They have been called the Brazilians of hockey; the fans that never stop smiling; the maroon and white wave. They follow their team anywhere, often spending their hard earned money (the lowest wages in the EU) on holidays to follow their team to tournaments and championships. They are wild and crazy, loud and rambunctious, inspiring and motivational. They are the Latvian hockey fans. They add colour to the game and their passion has been noted and reported world-wide. But what is it about Latvian fans that make them the best in the world?
As a Canadian, I thought I knew what it was to love the game. I grew up with a mother whose magazine subscription of choice was The Hockey Digest and the theme to Hockey Night in Canada was probably the most played song in our house when I was a child. I remember nights at the local arena cheering on whatever team was playing. A major rift occurred between my mother and I around the time when I turned 13. Not because of puberty, but because at that age, I decided I was no longer an Edmonton Oilers fan like my mother, but, oh the sin of it, a Calgary Flames fan. We fought like cats and dogs as a result and I suspect that she has yet to really forgive me.
So when I got to Latvia, it was natural to think that I knew what it took to be a loyal hockey fan. I was, after all, Canadian and Canadians, as a certain Latvian once told me, teethe on pucks, don't we? But in this country, which despite precious few ice arenas has had considerable success on the world stage, I learned what being a fan really means. At the mere mention of their national hockey team, even the most mild mannered of these generally reserved people shows that gleam in their eye. It is the gleam of hope and pride that Latvians have for their team.
Now, I have to say that the loyalty of Latvian fans is tempered with a certain critical eye.
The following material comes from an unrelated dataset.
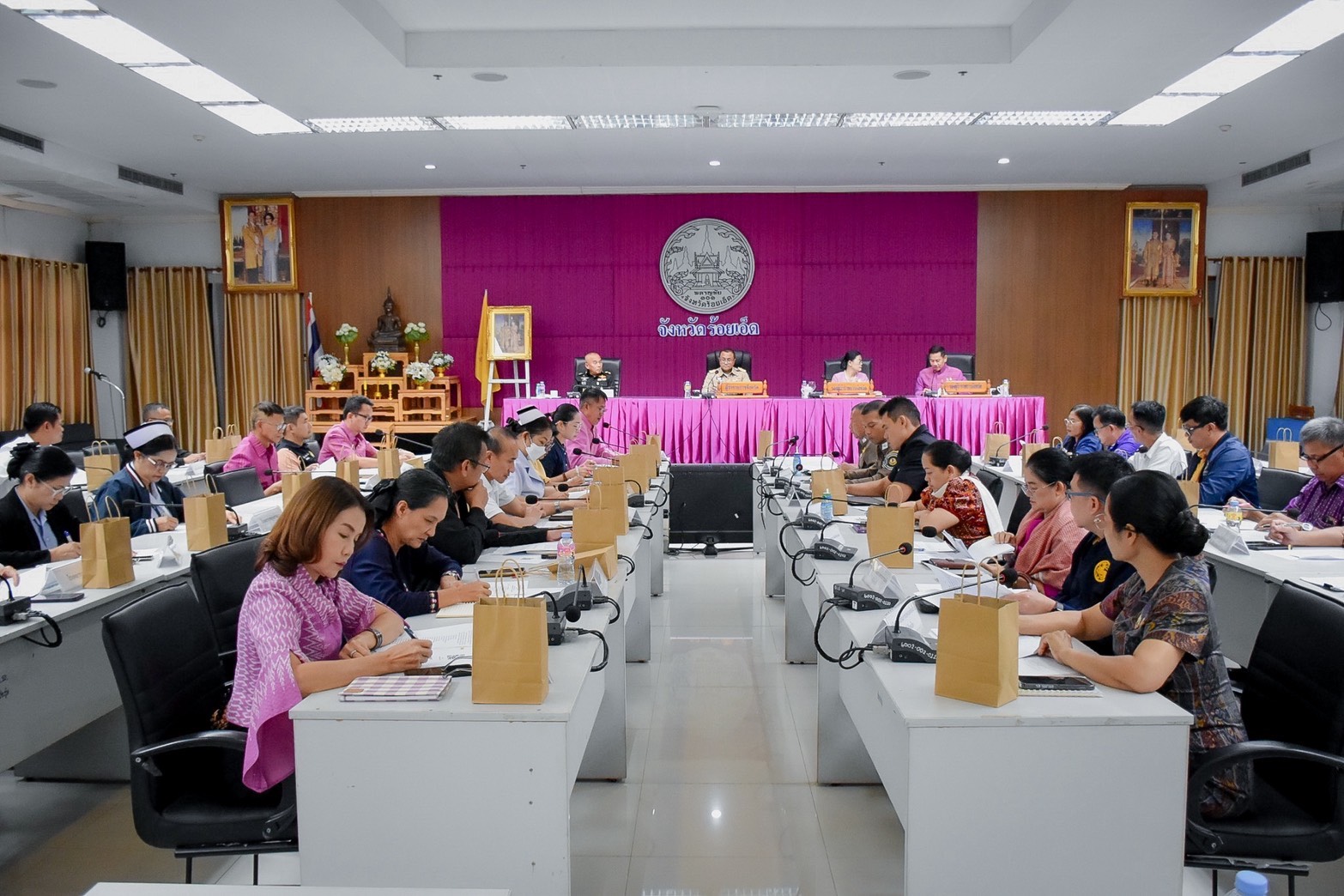 วันศุกร์ที่ 24 ตุลาคม 2568 นายอำนาจ มะธิปิไข ปศุสัตว์จังหวัดร้อยเอ็ด นำกลุ่มพัฒนาสุขภาพสัตว์ เข้าร่วมประชุมเพื่อรับทราบภารกิจในการเตรียมรับผู้แทนพระองค์ฯ ในการเชิญผ้าพระกฐิน ไปถวายยังที่ชุมนุมสงฆ์ ผู้จำพรรษากาลครบถ้วนไตรมาส ในกฐินกาล 2568 ณ วัดฝั่งแดง ตำบลอุ่มเม้า อำเภอธวัชบุรี และวัดท่าสะแบง ตำบลมะบ้า อำเภอทุ่งเขาหลวง จังหวัดร้อยเอ็ด ในวันอังคารที่ 28 ตุลาคม 2568 นั้น ให้เป็นไปด้วยความเรียบร้อยและสมพระเกียรติ ณ ห้องประชุมพระมหาเจดีย์ชัยมงคล ชั้น 5 ศาลากลางจังหวัดร้อยเอ็ด โดยมีนายชัชวาลย์ เบญจสิริวงศ์ ผู้ว่าราชการจังหวัดร้อยเอ็ด เป็นประธานในการประชุม และมีนายพิชัยยา ตุระซอง รองผู้ว่าราชการจังหวัดร้อยเอ็ด ข้าราชการทหาร ตำรวจ หัวหน้าส่วนราชการ ข้าราชการ และเจ้าหน้าที่ที่เกี่ยวข้อง เข้าร่วมประชุมฯ

One false move and a Latvian hockey player will receive the wrath of his fans. Unlike Canadian fans who tend to be unmovingly loyal, a Latvian fan will place blame where needed. And fast if things are going wrong. But they always bounce back. Perhaps this is in part due to the fact that although the fans are steadfast, their team doesn't always live up to their hopes. The best they have ever placed is 7th overall.
But the Latvian team has at times heeded the call of its fan and pulled off victories worth cheering for. One moment which will always stand out is the 2000 World Championships in St. Petersburg. That night, the Saiema even had to delay proceedings 's they didn't have quorum because everyone was out watching the game. And the team did not let them down. In the brand new 18,000-seat Russian arena, the Latvian team and their beloved "Wall", goaltender Arturs Irbe, shamed the likes of Pavel Bure, Alexei Kovalev and Alexei Yashin to win the game 3-2. I suspect that there isn't a Latvian out there who can't tell you where they were when that game was won. The moment was poignant and more than a little political 's the Latvian anthem playing in the Russian arena while burly Latvian hockey players and their fans cried with joy. After the game, hundreds, maybe even a thousand, marched to the Saeima where the vote on a new government had just taken place. Flags waved. Cheers sounded throughout Old Town and throughout the country. It was like independence all over again.
But despite the significance of this particular game, there is something similarly celebratory about every game the Latvian team wins. Maybe this is because of how hard this small country has to work to be among the best. Consider this: complete hockey equipment'sskates, pads, stick, helmet and the team uniform will cost a young player approximately 250-300 lats. This is the equivalent of the average monthly salary in Latvia. And until recently, hockey rinks were few and far between outside of the capital. Clearly, any family that makes the decision to sign their kid up for hockey is making not only an extra-curricular decision but a financial one as well. Some people believe that a young person with talent is better off going to Sweden or Finland or even Russia to train - if they want to make something of their game. To be a hockey player in Latvia 's a great hockey player 's means sacrifice. This may be the case all over the world, but perhaps even more so here.
Every Latvian fan believes. One day their team will be even better than it is now. The next game will be another sweet victory. Maybe this is what makes every game so important- every win so vital. Maybe the fact that, despite the odds, Latvia can pull off wins against national teams whose potential draft pools are larger than the population of Riga lends something to their enthusiasm. This is what delineates the Canadian fan from a Latvian one. Canada is a powerhouse in hockey. We know that our team will eventually win the gold again. We have and we will. But for Latvian fan, the dream also rests in what has yet to be achieved. The dream of that gold, the pride of making it so far and knowing that there is more to come.
They are loud and colourful. Dressed in maroon and red -faces painted -horns of their mythical hero Lacplesis on their heads. They will do anything to get to a tournament 's sleep in the tour bus if need be. The most important thing is the game. Sometimes their team wins, sometimes it loses, but they never falter. They are the heroes of the game. They are the Latvian fans. My mom would be proud.